1.6T Data Center Infrastructure
Author Image
WRITTEN BY Fady Khella, Director of Sales Engineering, Field CTO

2025-12-11

Why Hyperscalers Choose Celestica AI Fabric for Exa-scale Performance 

We are in a new age of AI, with trillion-parameter models and real-time generative AI becoming the norm. For the world's hyperscalers, the race is on to build the massive, efficient, global infrastructure needed to power it all.

In this race, every microsecond of delay, every watt of power used, and every percentage point of GPU performance counts. These aren't just numbers—they directly impact how fast AI models can be trained, how much they cost to operate, and who gets the competitive edge.

While many vendors focus solely on upgrading bandwidth, Celestica offers something much bigger: a comprehensive, system-level AI fabric. We seamlessly integrate compute, accelerators, storage, and networking into one powerful, scalable platform.

We recently introduced our new family of 1.6TbE data center switches, the DS6000 and DS6001. Not just another piece of hardware. They are the blueprint for building the next generation of hyperscale AI infrastructure. 

Scaling AI Infrastructure: From Rack to Global Deployment

When we think about what hyperscalers are building today, it’s infrastructure that spans:

  • Thousands of server racks
  • Millions of GPUs 
  • Multiple continents and availability zones
  • Petabytes of data for models with billions of parameters

To operate at this level, you need more than just raw speed. You need:

  • An AI fabric that cuts latency to a minimum and keeps every accelerator working at its peak
  • A system where compute, storage, and networking are perfectly in sync
  • Something simple to set up, manage, and fix when things go wrong
  • A platform that’s ready for the next wave of AI workloads and standards

Celestica’s DS6000 was built for exactly this—delivering 1.6T performance that’s deeply integrated into the entire AI stack.

Scale-Up: Densifying XPU Racks with Intra-Rack Efficiency

It all starts inside the server rack, where XPUs like for instance GPUs need to communicate instantly, with zero bottlenecks. The DS6000 lets you pack more power into each rack than ever before.

It connects up to 64 GPUs per rack, so they can all talk at once without hitting a traffic jam. With the lower latency per hop, we eliminate the east-west congestion that slows things down. It’s designed to support the newest multi-link GPU fabrics and native 1.6TbE network cards, making it perfect for crucial tasks like all-reduce and gradient synchronization.

The result: Your accelerators run at peak efficiency. That means less idle time, faster training, and quicker time to a finished model.

Scale-Out: Flattening Multi-Rack AI Clusters 

As you add more racks and pods, legacy networks (with 3 or 4 tiers) become slow, complex, and overloaded. The DS6000 solves this by creating a massive, flat, 1.6T scale-out fabric:

  • It enables simple 2-tier networks that can replace clunky legacy designs.
  • It slashes end-to-end latency significantly.
  • It doubles the bisectional bandwidth, which is critical for workloads where everything needs to sync up at once.
  • It reduces the number of switches you need by about 80% compared to an 800G setup.

When you're running over 10,000 GPUs, communication delays can eat up half your training time.
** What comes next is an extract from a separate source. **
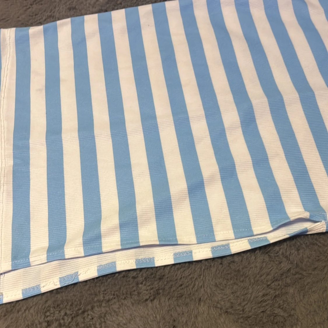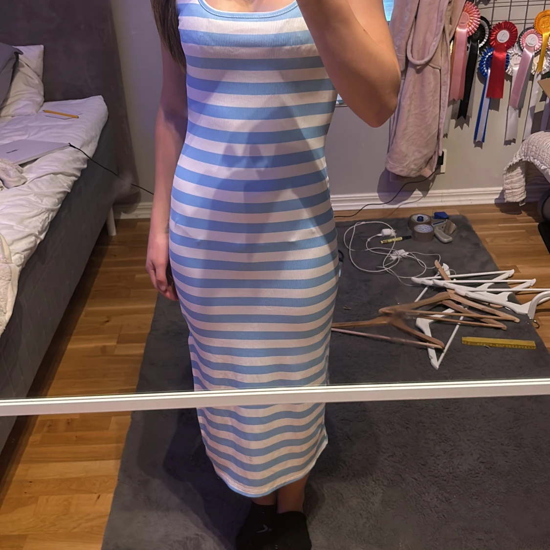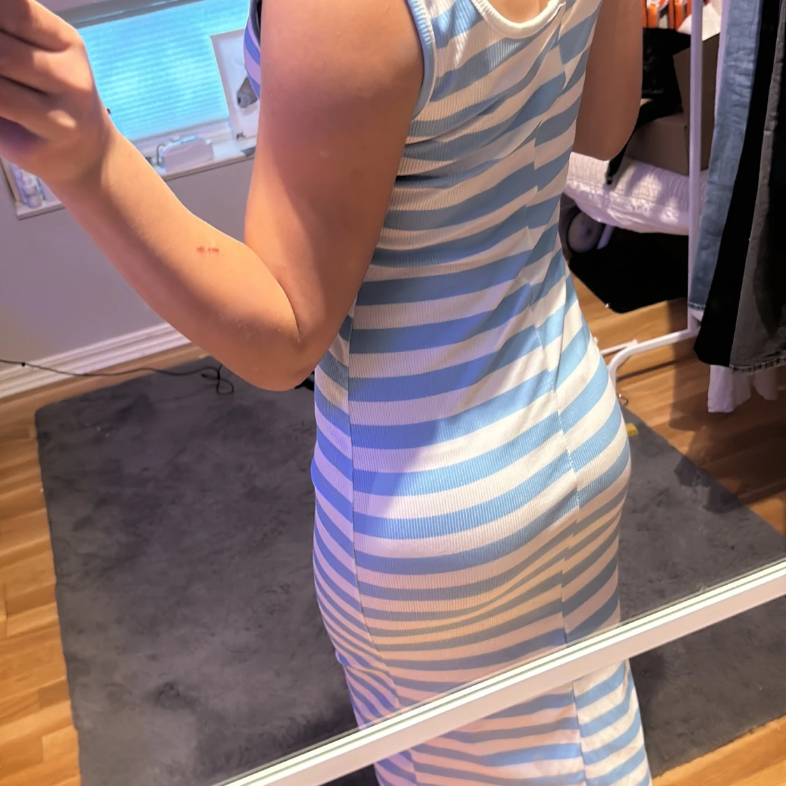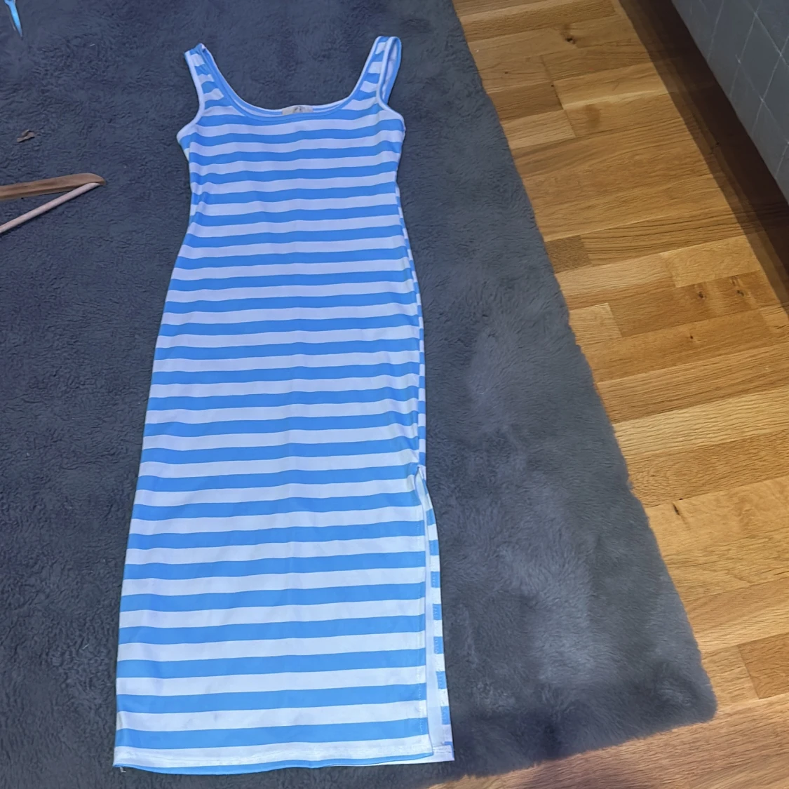 Säljer en snygg blå- och vitrandig klänning med en tight passform. Klänningen är ärmlös och har en slits på sidan. Perfekt för sommarens varma dagar. Den är gjord i ett ribbat material som ger en skön känsla.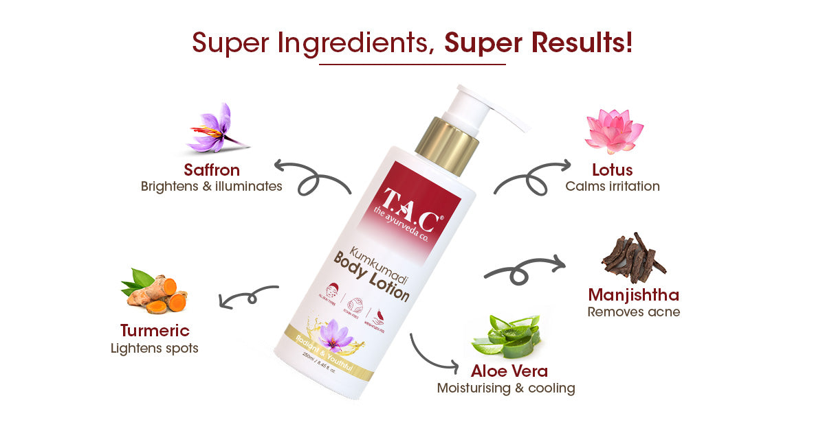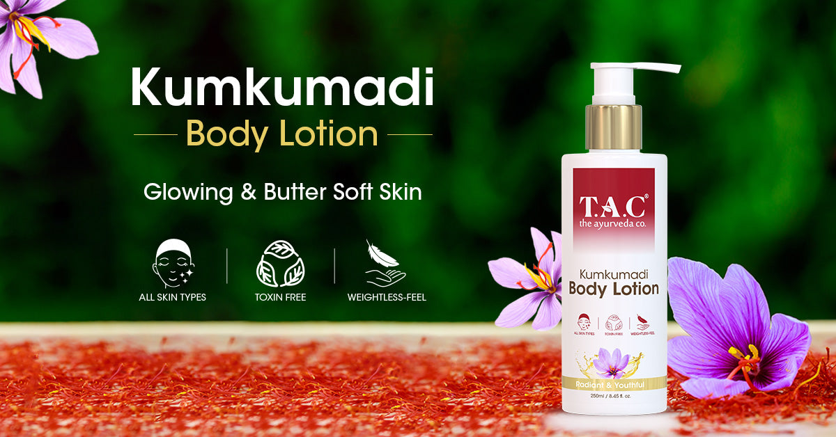 - GOODNESS OF AYURVEDIC HERBS: Blended with kumkumadi, Red Sandalwood, Multani Mitti, and other skin hydrating herbs, the body lotion for women and men helps in skin healing and rejuvenation.

The DS6000 drastically cuts down that waste.

Building Global AI Infrastructure

For truly global AI, you need a network fabric that stretches across regions and zones, on a global scale, without missing a beat. The DS6000 is built for this scale.

It simplifies routing, which means you get system information faster and can recover from faults in record time. Every part of the system—from the ASIC to the optics—is optimized to work together seamlessly. This creates a WAN-aware AI fabric that maintains peak performance, no matter the distance.

Even a 2–3% improvement in GPU utilization can translate into millions of dollars in annual savings.

The DS6000 and DS6001 are also designed to support Data Center Interconnect (DCI) optics like future 1.6T-ZR/ZR+ modules.

Scaling the Future of AI: Strategic Deployment at Exa-Scale

Across the globe, leading hyperscalers, service providers, and OEMs are choosing Celestica to design their next-generation AI infrastructure. These are deployments spanning thousands of racks, a tremendous number of GPUs, and multiple cloud regions. At the core of it all is Celestica’s DS6000 platform, powered by our 102.4T switching architecture designed for exa-scale performance.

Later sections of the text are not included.